In 2005 the American government gave its official blessing to BiDiL, a drug used to treat congestive heart failure. The decision kicked off a huge controversy because BiDiL was the first officially-sanctioned racially-targeted drug. It had proved ineffective when tested on the general population. But when given to African Americans it appeared to cut death rates from heart failure by 43 per cent. So it was marketed as a black drug, transforming at a stroke the relationship between race and medicine, and opening the way, in the words of one medical journal, to 'a new era of race-based therapeutics'. Last year, for instance, the pharmaceutical company Schering Plough organised a clinical trial for a hepatitis C drug from which African Americans were controversially excluded.

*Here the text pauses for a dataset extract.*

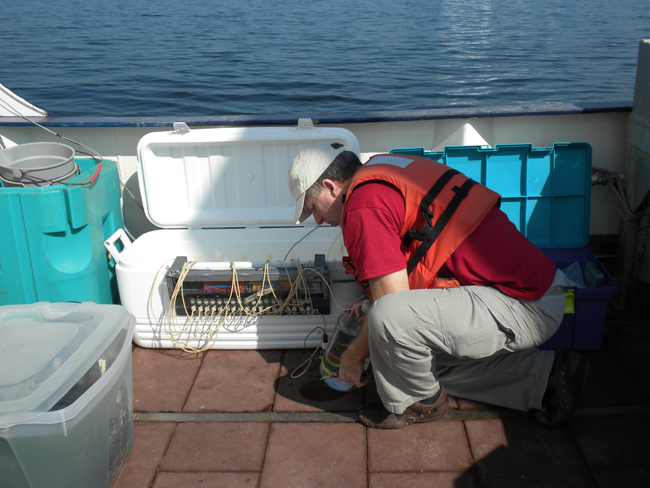 Here, Gordon Taylor is setting up the respirometer. It is an instrument that he designed and built with Tom Wilson. There are several channels with tubing connected to bags with seawater in them. The samples are incubated in the cooler at ambient temperatures. The respirometer draws sample from each bag  every few minutes and draws it past an oxygen electrode. The oxygen concentration is measured and recorded electronically. In this way, the team was able to measure the drawdown of oxygen over a two or three-day period and calculate the rate of respiration for different samples.

The debate about BiDiL - and the Schering Plough trial - gets to the heart of one of the most explosive issues in current medicine. Does race matter? Or should medicine be colourblind? Since 'race is biologically meaningless', argued the New England Journal of Medicine so 'instruction in medical genetics should emphasise the fallacy of race as a scientific concept and the dangers inherent in practicing race-based medicine'. A paper in Nature Genetics claimed that 'commonly used ethnic labels are both insufficient and inaccurate'.
Others begged to differ. The geneticist Neil Risch suggested that 'there is great validity in racial/ethnic self-categorisation both from the research and public policy points of view'. In a widely reported essay in the New York Times, psychiatrist Sally Satel admitted that 'In practicing medicine I am not colorblind. I always take note of my patient’s race. So do many of my colleagues'. She added that 'When it comes to practicing medicine, stereotyping often works'.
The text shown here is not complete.